🤖 AI Summary
Large language models (LLMs) face significant challenges in long-context, multi-objective reasoning—including difficulty in fact localization due to information dispersion, weak cross-document synthesis, and poor interpretability. To address these issues, this paper proposes the Neural-Symbolic Augmented Reasoning (NSAR) framework. NSAR innovatively introduces dynamic symbolic fact extraction and real-time executable Python code generation *during inference*, establishing a closed-loop synergy between neural language modeling and symbolic logic. The framework integrates multilingual retrieval-augmented generation (RAG), symbolic fact extraction, and program synthesis, supporting seven languages and variable-length contexts. Experimental results demonstrate that NSAR substantially outperforms state-of-the-art RAG systems and advanced prompting methods across multilingual and variable-length long-text reasoning benchmarks, achieving significant gains in accuracy and robustness.
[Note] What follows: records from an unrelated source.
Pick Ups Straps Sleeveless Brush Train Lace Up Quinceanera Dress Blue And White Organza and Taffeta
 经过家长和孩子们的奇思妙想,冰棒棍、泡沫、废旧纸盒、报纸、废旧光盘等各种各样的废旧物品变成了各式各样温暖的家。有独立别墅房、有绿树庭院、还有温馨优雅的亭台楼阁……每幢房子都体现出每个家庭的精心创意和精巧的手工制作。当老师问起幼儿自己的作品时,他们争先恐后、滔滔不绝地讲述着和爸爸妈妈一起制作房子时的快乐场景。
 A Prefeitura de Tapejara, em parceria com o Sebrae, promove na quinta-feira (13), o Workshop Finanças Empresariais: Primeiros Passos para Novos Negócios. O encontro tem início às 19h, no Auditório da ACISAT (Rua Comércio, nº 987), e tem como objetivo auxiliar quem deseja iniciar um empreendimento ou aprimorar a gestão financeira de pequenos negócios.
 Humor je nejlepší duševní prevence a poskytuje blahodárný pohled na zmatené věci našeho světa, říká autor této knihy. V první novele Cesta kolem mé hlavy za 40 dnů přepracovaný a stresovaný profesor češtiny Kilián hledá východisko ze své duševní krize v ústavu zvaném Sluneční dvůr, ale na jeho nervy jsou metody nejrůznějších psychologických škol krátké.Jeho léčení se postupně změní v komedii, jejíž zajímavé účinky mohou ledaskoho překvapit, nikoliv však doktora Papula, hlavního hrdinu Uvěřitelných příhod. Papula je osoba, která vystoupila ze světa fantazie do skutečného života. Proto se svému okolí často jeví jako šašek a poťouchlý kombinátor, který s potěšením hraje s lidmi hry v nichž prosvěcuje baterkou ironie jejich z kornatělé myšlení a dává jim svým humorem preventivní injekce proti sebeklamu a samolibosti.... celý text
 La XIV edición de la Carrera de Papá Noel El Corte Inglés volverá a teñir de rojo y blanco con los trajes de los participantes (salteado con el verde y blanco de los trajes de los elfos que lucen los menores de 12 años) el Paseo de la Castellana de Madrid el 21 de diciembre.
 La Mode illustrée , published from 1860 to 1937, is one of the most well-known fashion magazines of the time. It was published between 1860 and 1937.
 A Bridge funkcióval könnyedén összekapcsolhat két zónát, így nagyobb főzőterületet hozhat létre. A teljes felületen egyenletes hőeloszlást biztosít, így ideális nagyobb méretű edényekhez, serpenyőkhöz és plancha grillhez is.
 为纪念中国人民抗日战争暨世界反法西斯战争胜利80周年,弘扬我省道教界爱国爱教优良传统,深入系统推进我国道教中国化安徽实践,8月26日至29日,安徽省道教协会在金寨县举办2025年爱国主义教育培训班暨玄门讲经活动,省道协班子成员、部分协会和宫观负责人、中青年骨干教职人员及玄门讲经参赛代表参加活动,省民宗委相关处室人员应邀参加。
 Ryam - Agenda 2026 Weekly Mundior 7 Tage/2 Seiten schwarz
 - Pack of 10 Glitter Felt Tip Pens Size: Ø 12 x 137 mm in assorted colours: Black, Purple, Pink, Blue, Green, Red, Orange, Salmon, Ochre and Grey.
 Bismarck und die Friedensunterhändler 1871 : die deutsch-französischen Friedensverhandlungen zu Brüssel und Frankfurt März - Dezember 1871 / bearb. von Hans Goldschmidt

Crucially, NSAR delivers both strong reasoning capability and end-to-end process interpretability through transparent, executable symbolic reasoning traces.
📝 Abstract
Large language models (LLMs) often struggle to perform multi-target reasoning in long-context scenarios where relevant information is scattered across extensive documents. To address this challenge, we introduce NeuroSymbolic Augmented Reasoning (NSAR), which combines the benefits of neural and symbolic reasoning during inference. NSAR explicitly extracts symbolic facts from text and generates executable Python code to handle complex reasoning steps. Through extensive experiments across seven languages and diverse context lengths, we demonstrate that NSAR significantly outperforms both a vanilla RAG baseline and advanced prompting strategies in accurately identifying and synthesizing multiple pieces of information. Our results highlight the effectiveness of combining explicit symbolic operations with neural inference for robust, interpretable, and scalable reasoning in multilingual settings.